Who audits this company? Who regulates it? Who ensures that it isn’t fabricating or erasing records to benefit its owners or punish political opponents? No one. That’s the problem. Because it is owned by people in power, it is above scrutiny. No public tender was made, no competition, no transparency in awarding this company such a massive role in one of the city’s most powerful departments.
This is not a simple case of outsourcing. It’s a hijacking of public revenue and a monopolization of state functions. It makes the government look like a shell while private actors, hiding behind official titles, control the money and the information. There is no clearer example of state capture than this.
The consequences are grave. First, this kind of arrangement discourages investment. Any Somali investor, diaspora member, or businessperson wanting to invest in Mogadishu real estate must now deal with a department that is partially privatized and controlled by politicians. That means the process is neither neutral nor fair. It opens the door to extortion, bribery, favoritism, and even land theft. It creates a system where those without political connections have no protection.
Second, the residents of Mogadishu lose faith in government institutions. When they see that half the money they pay to get a land certificate is going to a private company linked to government officials, they feel cheated. They stop believing that public offices serve the people. This kind of arrangement reinforces the idea that everything in Somalia is for sale, including land ownership and government documents.
Third, this creates a permanent conflict of interest. How can a Minister or MP make laws or policies about land while personally profiting from the very system he is supposed to regulate? How can they be trusted to act in the public’s interest when their income depends on a private company that feeds on public money? It turns governance into a business, with laws shaped to protect profits, not people.
The financial loss is also staggering. The BRA is chronically underfunded. Roads are broken, sanitation is poor, drainage systems are failing, and housing shortages are widespread. Yet over half of the income from one of its most important departments is going to NOVATECH, a private pocket of the political elite. That is theft, plain and simple. It is money stolen from Mogadishu’s future.
What makes it worse is the silence. No official audit has been made public. No minister has answered questions about how NOVATECH got this contract. The Parliament is silent, even though some of its members are known to be shareholders. The mayor has not explained why this company continues to operate without accountability. The public is left in the dark while millions of dollars disappear into the hands of a few.

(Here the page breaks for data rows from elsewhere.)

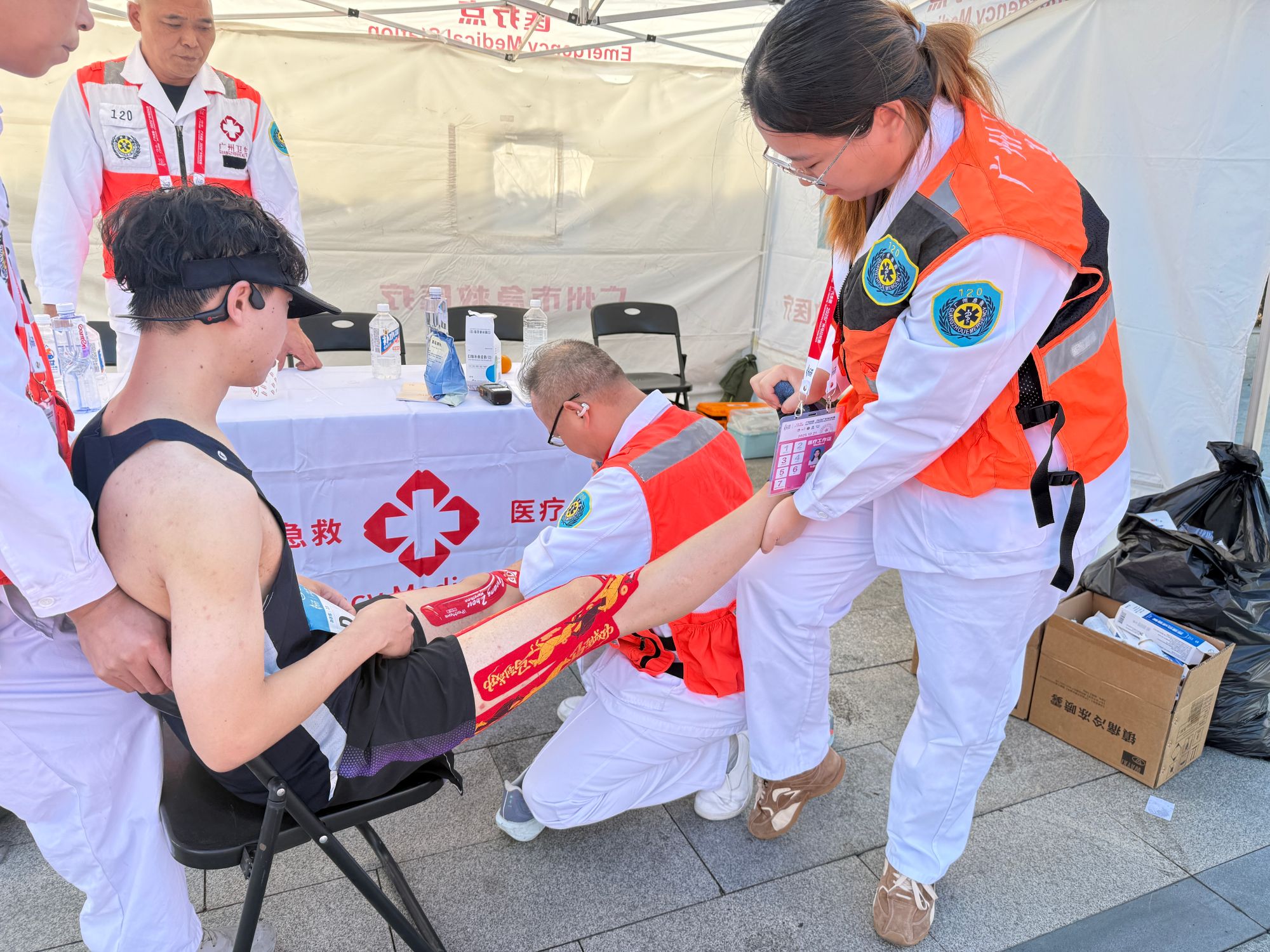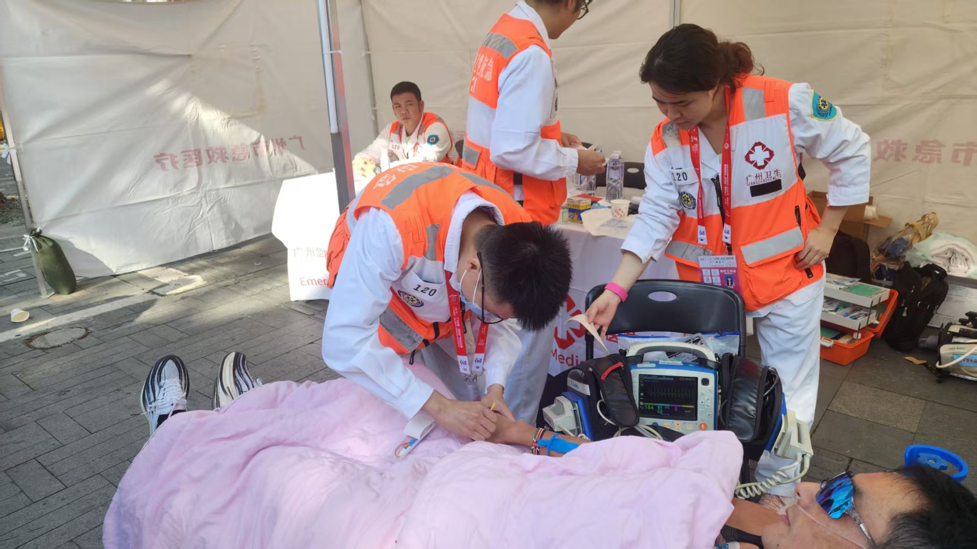 面对赛道上的突发状况,志愿者们遵循科学的分级响应机制,对于心脏骤停等重要紧急事件,立即启动“110-120-指挥中心”联动,保障伤员快速转运。
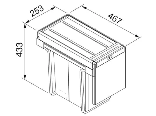 - Maße: 253 x 467 x 433 mm (B x T x H)
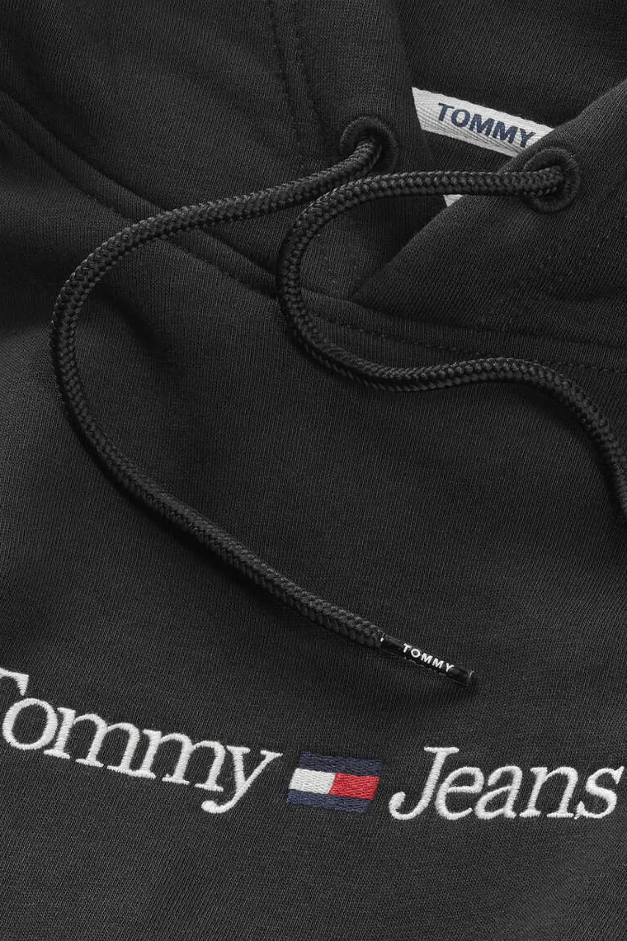 Sweatshirt De Homem Preta Com Capuz E Bolso Com Logo Estilo Linear.

This must stop. Public data belongs to the public. Public money must serve public needs. If there are technical gaps in the Land Management Department, the solution is to build institutional capacity—not sell it off to a company owned by those already in power. If this arrangement continues, it will not only bankrupt the BRA but will also deepen corruption, breed inequality, and fuel more land disputes that could lead to unrest.
The President, the Prime Minister, the Auditor General, and every responsible leader must act now. NOVATECH must be investigated. The contract must be made public. The income going to private pockets must be redirected to the people of Mogadishu. Anything less is complicity. And the people will not forget.